I am not a tax accountant but am an accountant in the end (higher title with higher age 🤪) and accountants will always take the safe path meaning if there is any doubt they will not advise to do something. Yes there are some that will. If you choose to follow great if you choose not that on you. If an accountant signs your tax return and you want something they advise against you can bet they will have that in writing from you and in the end it is you signing and certifying the information you supplied to the accountant is correct….
 
Here is a thought experiment. Imagine it is the year 2041, so BCV points are 1 year away from expiration. Let’s say that DVC points are renting for $50 per point, dues for that final year are $10 per point, so the value of BCV points is $40 per point in the resale market. If I buy BCV points resale for $40 per point, rent them out to a vacationer at $50 per point and pay the dues of $10 per point, I come out even. But what is my profit (if any) for tax purposes? Those claiming that depreciation is not allowed would calculate a taxable profit of $40, with taxes owed on that amount, which seems massively unfair given that there was no “real” profit. With my calculation the $40 of depreciation would wipe out the taxable profit, which seems very fair and reasonable.
 
I personally see issues with depreciation of DVC where it may be possible for other timeshares to an extent. When you buy DVC you are buying a right to use the land and a few square inches 😂 of a building but that all reverts back to… after X years so will you have to pay to take the building down at the end as other timeshares may state? we may have to?
the issues. You can not depreciate land so what part of the buy in was for the land lease? You can only depreciate a building bought for commercial rental purposes in this case. My contract not sure if others say different? Does not allow you to commercially rent. Even if it did you are assuming you will pay to remove the building at the end of its useful life. Not something anyone wants to pay.
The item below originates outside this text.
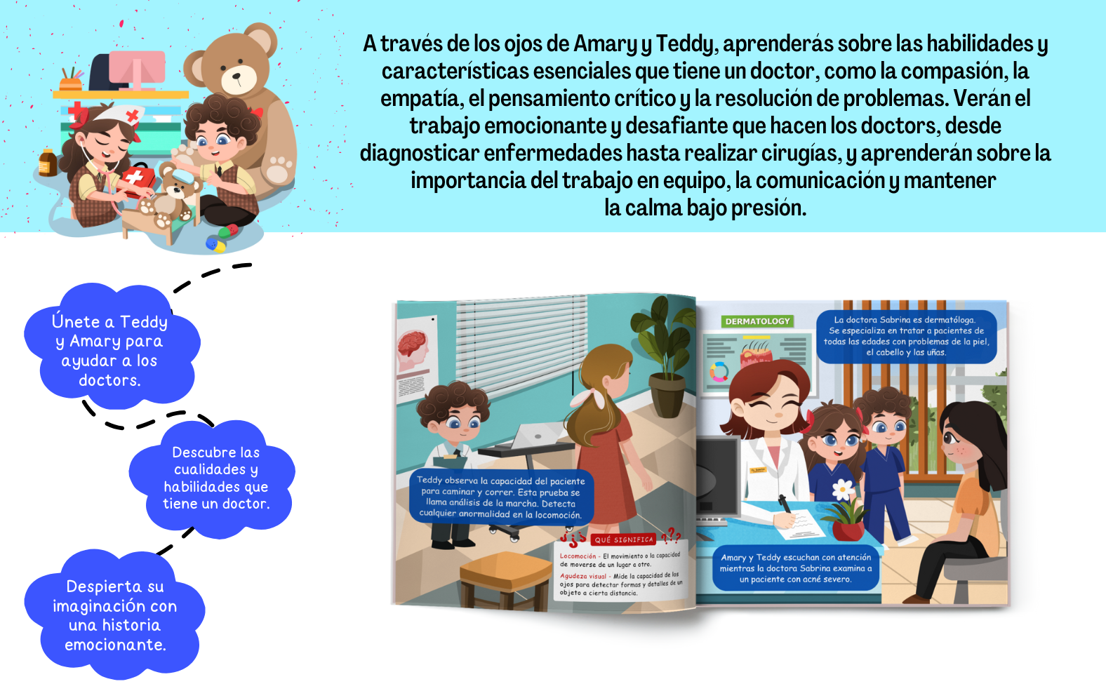 A través de los ojos de Amary y Teddy, tu pequeño descubrirá las cualidades esenciales de los doctores, como la compasión, el pensamiento crítico y el trabajo en equipo. Mientras ayudan a otros doctores en el hospital, Amary y Teddy muestran lo importante que es trabajar juntos y mantener la calma bajo presión.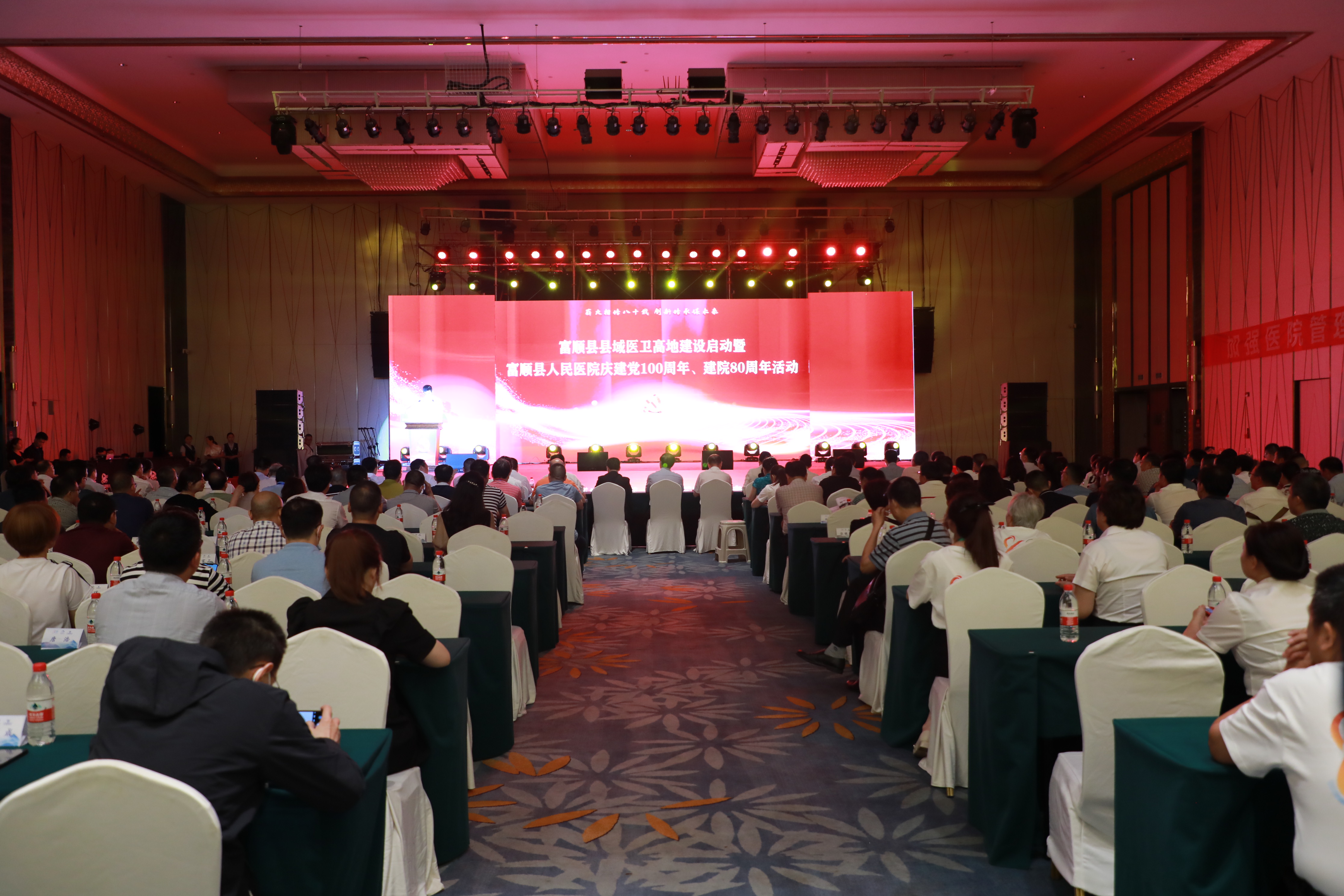 6月17日,富顺县县域医卫高地建设启动暨富顺县人民医院庆建党100周年、建院80周年活动在瑞祥大酒店顺利举行。县四家班子主要领导及分管联系领导,市卫生健康委相关领导,富顺县人民医院“四大医学中心”特聘、特邀专家21人,全省其他市州医院院领导170余人,以及县委组织部、县卫生健康局、县文化广电旅游局、县应急管理局、县生态环境局、县综合执法局等县级相关部门负责人参加活动。

I would believe this and more is why a tax accountant will say you can’t depreciate.
in the end if you fill out your own Tax forms and assuming this is the ONLY questionable item on the return and your write off is within reason and not renting thousands of points with a very large amount in question the worst that will happen is an audit by mail in which the IRS will ask questions and you may need to pay the additional amount they don’t agree with plus interest. You can always Wright a letter asking for the interest back after stating an honest mistake and it will likely be granted.
I am not a tax accountant but am an accountant in the end (higher title with higher age 🤪) and accountants will always take the safe path meaning if there is any doubt they will not advise to do something. Yes there are some that will. If you choose to follow great if you choose not that on you. If an accountant signs your tax return and you want something they advise against you can bet they will have that in writing from you and in the end it is you signing and certifying the information you supplied to the accountant is correct….
Your contract actually states that your property is scribed as a portion, In this spot it gives a percentage, of a unit number. In the original documents the units are all portions of the buildings. They aren't truly big enough portions that you could walking and claim them, But you own a part of the building, not of the land.
Depreciation is certainly not tied to whether you will later have to pay to demo the building or nothing anywhere would be depreciable as most corporations sell their property, they do not demo it.